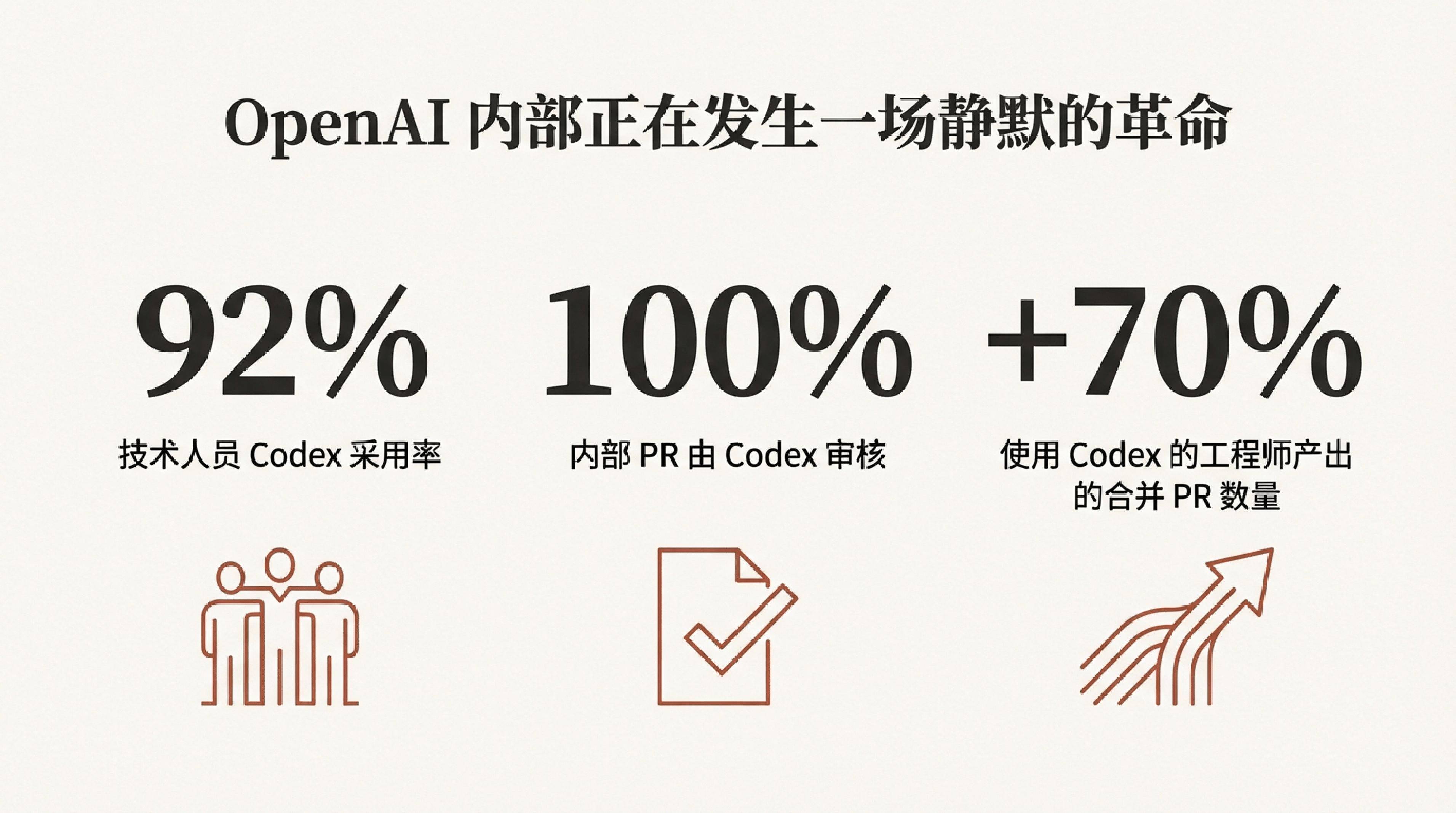 OpenAI 内部技术人员的 Codex 采用率超过 92%,所有内部 PR 都由 Codex 审核,使用 Codex 的工程师产出的合并 PR 比不用的多 70%
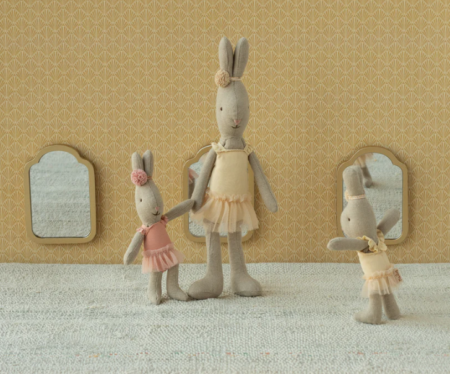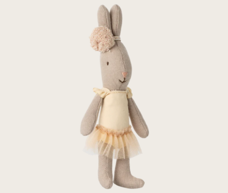 kr 219,00Den velkjente Maileg mikrokaninen er utkledd som ballettdanser. Den har på seg dress og tyllskjørt og har en liten dekorasjon rundt de pekende ørene. Størrelser Høyde: 14,00 cm Anbefalt alder ALLE ALDRE Primærmateriale Lin/Bomull Fyll Gjenvunnet polyester/PP-pellets Vedlikeholdsinstruksjoner Kosedyr: Maskinvask ved 30 grader C
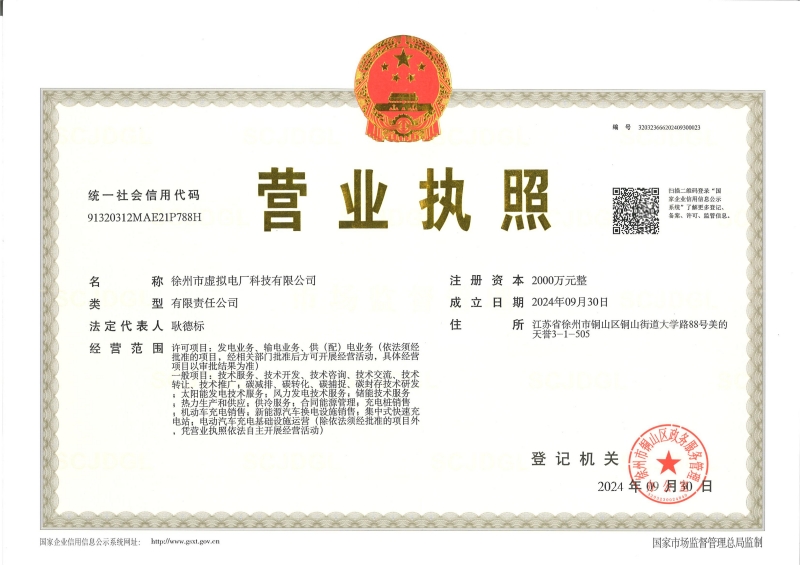 9月30日,徐州市虛擬電廠科技有限公司取得營業(yè)執(zhí)照,正式注冊設(shè)立,為中華人民共和國75周年華誕獻上賀禮。虛擬電廠項目由央企華潤電力旗下全資三級子公司華潤智慧能源公司和徐州國投集團權(quán)屬企業(yè)彭城投資公司合作建設(shè),旨在加快培育發(fā)展綠色低碳新質(zhì)生產(chǎn)力,落實《徐州市新型能源體系中長期發(fā)展規(guī)劃(2023-2030年)》,推動新型能源體系高質(zhì)量發(fā)展。
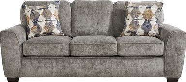 Includes:gray sofa • gray loveseat • Cocktail Table + 2 End Tables • stone table lamp (2)
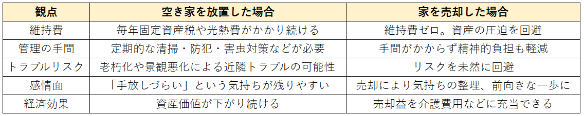 一方、売却することで経済的・精神的な負担を大きく減らすことができます。

========

Exercise ->
Copy exactly the lines that run from the line containing "9月30日,徐州市虛擬電廠科" to the end of the data, keeping both end lines and dropping every picture.

Answer ->
 9月30日,徐州市虛擬電廠科技有限公司取得營業(yè)執(zhí)照,正式注冊設(shè)立,為中華人民共和國75周年華誕獻上賀禮。虛擬電廠項目由央企華潤電力旗下全資三級子公司華潤智慧能源公司和徐州國投集團權(quán)屬企業(yè)彭城投資公司合作建設(shè),旨在加快培育發(fā)展綠色低碳新質(zhì)生產(chǎn)力,落實《徐州市新型能源體系中長期發(fā)展規(guī)劃(2023-2030年)》,推動新型能源體系高質(zhì)量發(fā)展。
 Includes:gray sofa • gray loveseat • Cocktail Table + 2 End Tables • stone table lamp (2)
 一方、売却することで経済的・精神的な負担を大きく減らすことができます。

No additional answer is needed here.